When it comes to raising kids, it takes a village. It always has, and it always will. I am certainly no exception. With four kids now four years old and under (including a set of 10-month-old twins), I have absolutely no shame in admitting I have help–a lot of it, actually.
Normalizing asking for help
I believe it’s time we normalize asking for help in all the ways we need it. Think about it; not that long ago, there was a literal village, a community of families living together or close by supporting each other so the village as a whole could thrive.
A mama is there for you in the morning to take the gassy baby you have been up all night nursing so that you can get some rest. A playdate after school for your children because you didn’t have time to get dinner on the table. A safe place where everyone had a role in collectively child rearing and growing together.
It’s a beautiful concept. A group of women rallying together to raise the next generation. Nowadays, we live more isolated from immediate family and friends. We are in single-family homes, often in bigger cities, a car, or maybe even a plane ride away from family. Many of us choose to have a dual-income household meaning both parents work.
The only way to show up at our best
My husband and I are building businesses that we are super passionate about, and we know that our work makes us better, happier parents to our children. So, when we found out we were pregnant again with our third (and fourth baby–yikes!), the first thing we did, after the initial shock, was figure out where we needed support.
With both of our families living plane rides away, we knew we needed help so that we could continue to show up in the best way possible for our kids, allowing us to strike a balance between being able to work and build our businesses while raising our family and maintaining our relationship with each other. Yes, date nights are a necessity in our world.
At first, I had a hard time giving up control and giving in to receiving help. I was raised in a traditional household with an incredible stay-at-home mom who was always there for everything and, in my eyes, did it all!
When it came down to hiring our Nanny, I quickly felt the mom guilt mounting as judgments raced through my head; “I should be the one doing all the things for all my kids, shouldn’t I? If I can’t do it all myself, doesn’t that mean I’m less of a mom, less of a wife, less of a business owner? Simply less? Suzy down the street looks like she has it all together and has no help!”

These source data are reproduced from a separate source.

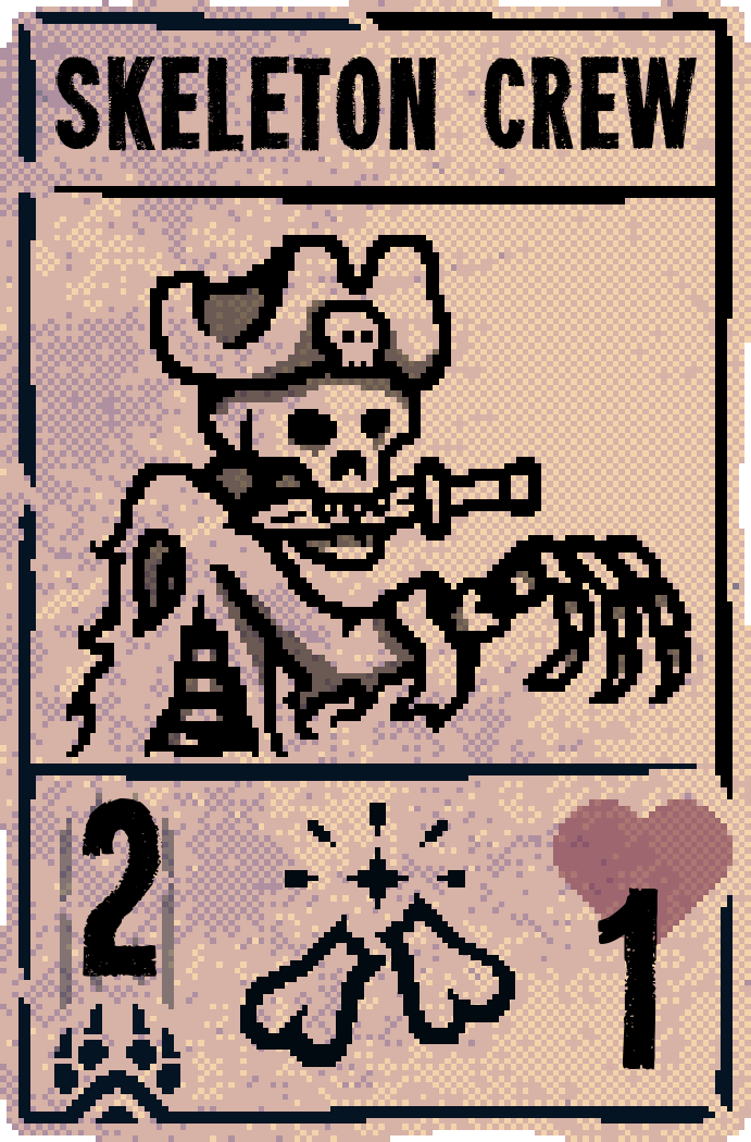 Skeleton Crew is a card seen in Royal Dominguez's boss fight that cannot be obtained, although you can temporarily obtain this card on your side of the board by damaging The Limoncello and having a free space where this card will drop.
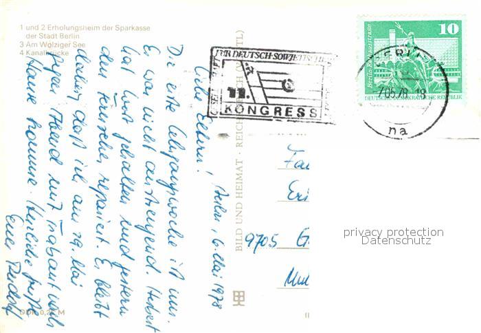 72728367 alte Postkarte Wolzig Erholungsheim der Sparkasse der Stadt Berlin Wolziger See Kanalbruecke postalisch gelaufen Erhaltung siehe scans [FriedD77] KatCode: 11110012061217
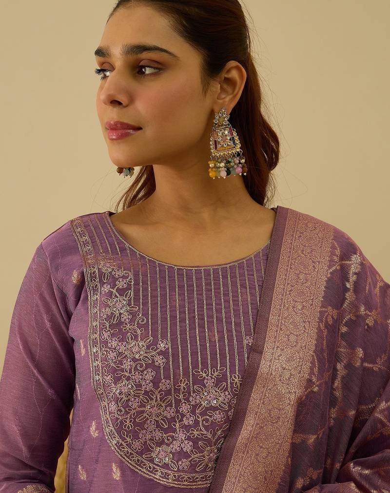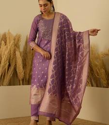 Purple women kurta pant dupatta set stitched
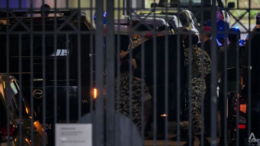 A motorcade and security officials escorting former prime minister Najib Razak were seen arriving at the Palace of Justice in Putrajaya on Dec 26, 2025. (Photo: CNA/Fadza Ishak)
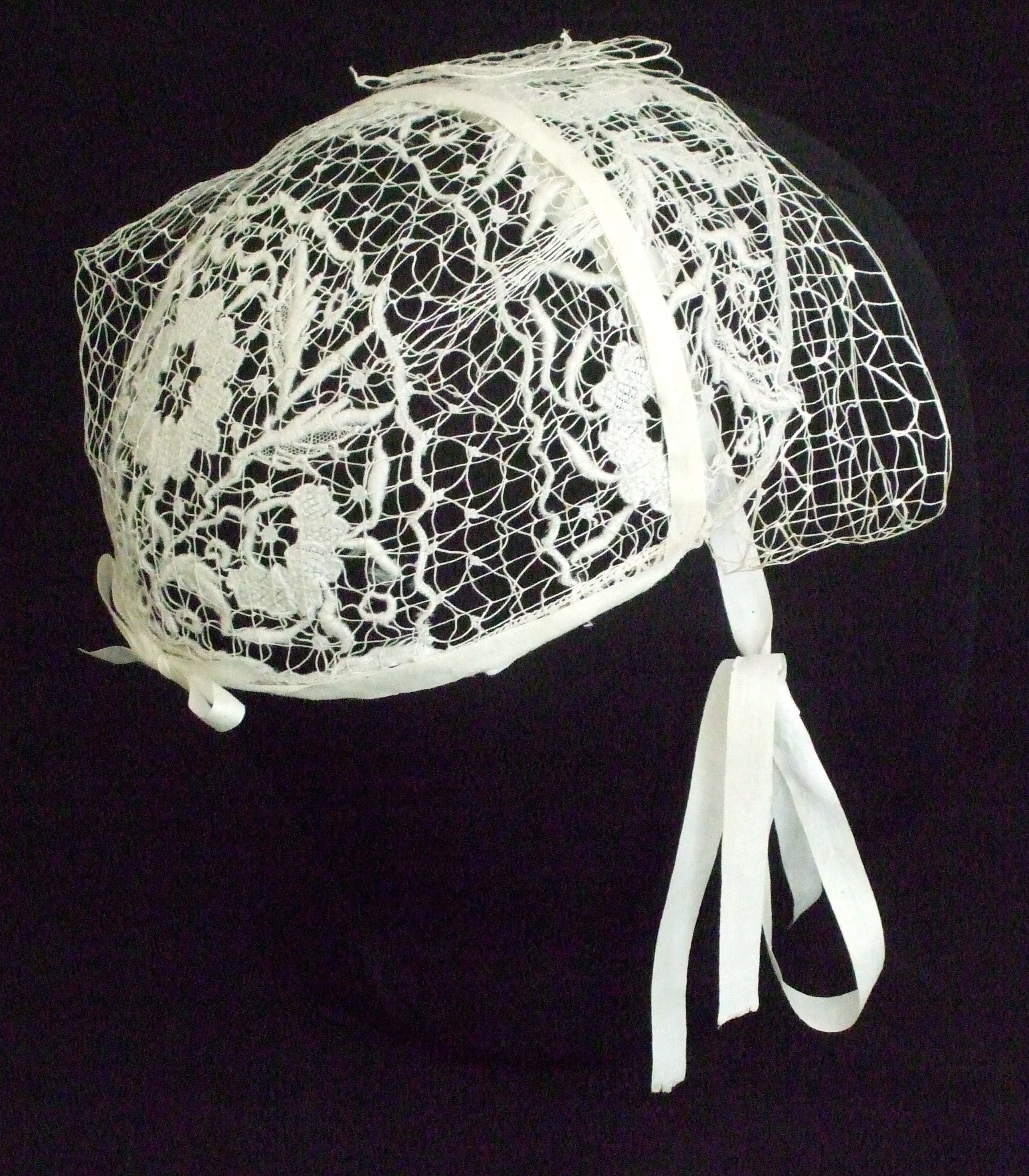 Cette coiffe se porte sur un bonnet, ou sous-coiffe, qui enveloppe le haut de la tête. La coiffe proprement dite est composée d’un fond et de deux ailes partant de la visagière, ailes qui se replieront sur le devant de la tête, contrairement à celles de Questembert-Muzillac qui se replient à l’arrière.Photo de Michel RocherImmatriculation

But then it hit me; it was quite the opposite; if I refused help, that’s when I would be less of a mom, less of a wife, and less of a business owner. I would be torn in so many directions; I wouldn’t be helpful to anyone. By receiving help, I show up for my kids as my very best self.
I get to make a conscious effort when I’m with them to leave my work at the door (for the most part), and I can be present. I compartmentalize everything in my life, and I can do that because I opened myself up to receiving help and prioritize the things that are the non-negotiables that I do, and ask for help with the things that I know others can do, and likely will do better than me.
I ask for help where I need it, and I share with others that I have support because, as moms, we need to give ourselves a break. Oh, and by the way, “Suzy down the street” also had help, but I didn’t know about it because she was too afraid to share over fear of also being judged.
Help can come in so many ways; it can be a friend you carpool with to school or do weekly play dates with, parents that come over and help or take your kids for sleepovers. For us, it’s our nannies who genuinely have become family members.
I feel proud that I get to employ these incredible women (yes, I have two) and, through that, support their families and children. And for our children, we are normalizing asking for help. We are admitting that it can’t all be done alone.
We are showing the importance of balance. Of self-care. Of working and earning independently. Of fostering a solid relationship with our partners. We are building our village filled with physical and emotional support.
My message would be to prioritize help in whatever way you need it. You can and you should. Do not feel guilty. Do not talk yourself out of it. Motherhood is the most challenging job in the world. We need to find ways to fill our cups—to recharge and reset.
Most importantly we need to normalize having help and be proud of it.